Chapter 6: The Missing Name

On the fifteenth day, Kael-Zhur received a message.

It was from Yallin. The handwriting was shaky, she had written by hand, on a piece of vegetal parchment, instead of using the symbiotic communicators.

- "Come. Something happened to Sari."

Kael crossed Arin in minutes. He found Yallin at the door of her house, her face pale, her hands trembling.

- "She's in the unregistered space. The one you go to. She said she needed to be alone, but..."

- "But you're scared."

Yallin nodded.

Kael went to the alley. He found Sari sitting on the central stone, knees hugged to her chest, eyes red. She didn't look injured. Just... small.

- "Can I sit? - Kael asked."

She shrugged.

Kael sat on the floor, his back against the stone wall. He said nothing. He remembered what the boy had said: "When you do nothing, the world stops asking for things."

After a long silence, Sari spoke.

- "My mother wants me to go to the mediators school. She says I have a talent for resolving conflicts."

- "And you don't want to?"

- "I don't know what I want."

Kael recognized that tone. It was the same tone he had used, so many cycles ago, when Lumea-Vorr told him his dissonant pulse wasn't an error.

- "When I was your age - he said - I didn't know either."

Sari looked up.

- "But you're Kael-Zhur. The Navigator of Contraduality. You always knew what to do."

Kael laughed. A short, almost bitter laugh.

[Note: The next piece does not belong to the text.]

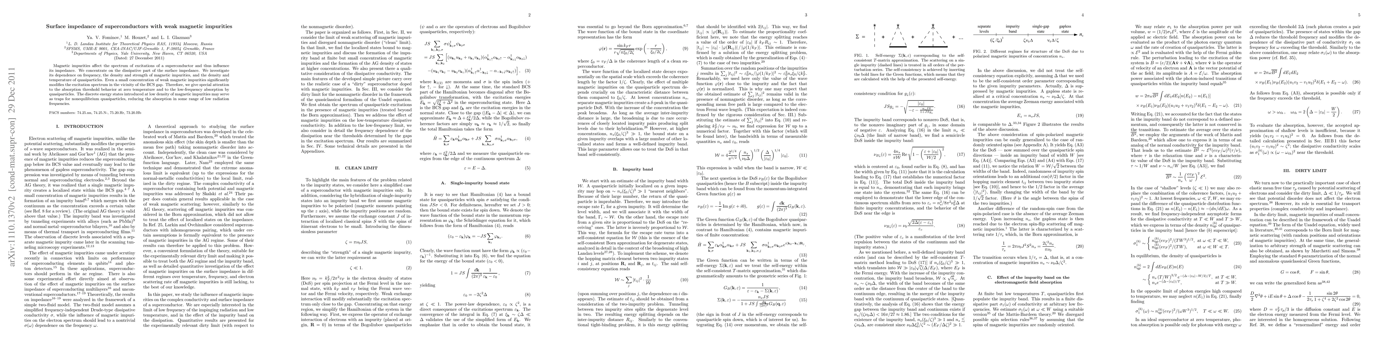 Research on superconductors with weak magnetic impurities shows that even small concentrations can significantly modify their excitation spectrum, affecting surface impedance at low frequencies. This discovery highlights the impact of magnetic impurities on quasiparticle behavior and potential absorption threshold shifts.

- "I didn't know anything. I heard beats that weren't mine. My symbiote didn't align with me. I thought I was broken. I thought I was a mistake."

- "And what changed?"

Kael thought for a moment.

- "Someone told me I wasn't broken. That my difference wasn't a flaw. That I could exist as I was, even if it bothered the system."

Sari was silent.

- "There's no rush - Kael continued." - "You don't have to decide today. You don't have to decide this cycle. The world won't end if you wait."

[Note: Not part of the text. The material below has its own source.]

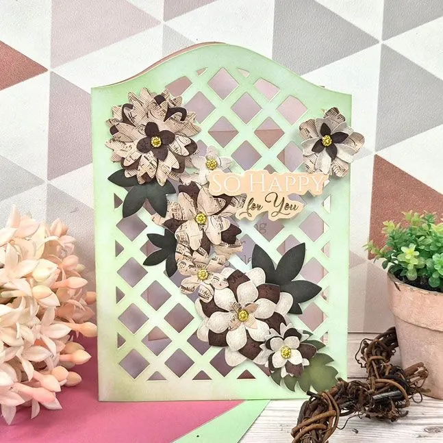 - 4 designs: 5x5 inch, 7x5 inch,4.13x5.83 inch (A6), and 3.9x8.3 inches slimline trellis cards

- "But what if I wait too long and miss the chance?"

Kael looked at the stone where she sat. He recognized the grooves in the surface with marks of someone who had spent a lot of time there, doing nothing, letting the world stop asking for things.

- "The chances that matter - he said - don't disappear. They wait."

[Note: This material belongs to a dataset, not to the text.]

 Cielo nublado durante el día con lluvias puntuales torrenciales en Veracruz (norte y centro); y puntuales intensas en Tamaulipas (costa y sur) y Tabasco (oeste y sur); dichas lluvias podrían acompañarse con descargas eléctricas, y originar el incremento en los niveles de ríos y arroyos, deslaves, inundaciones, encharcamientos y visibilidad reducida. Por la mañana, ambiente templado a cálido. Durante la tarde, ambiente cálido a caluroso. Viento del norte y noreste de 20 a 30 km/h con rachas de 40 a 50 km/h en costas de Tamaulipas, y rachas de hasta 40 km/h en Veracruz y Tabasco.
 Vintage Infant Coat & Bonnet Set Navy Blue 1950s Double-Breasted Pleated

Sari didn't answer. But her shoulders relaxed a little.

When Kael brought her back home, Yallin received them at the door. She didn't ask anything. She just hugged her daughter, and over Sari's shoulder, she met Kael's eyes.

- "Thank you - she mouthed, soundlessly."

Kael nodded.

That night, when he returned to his quarters, he realized something: he had learned one more name. Not to analyze. Just to know.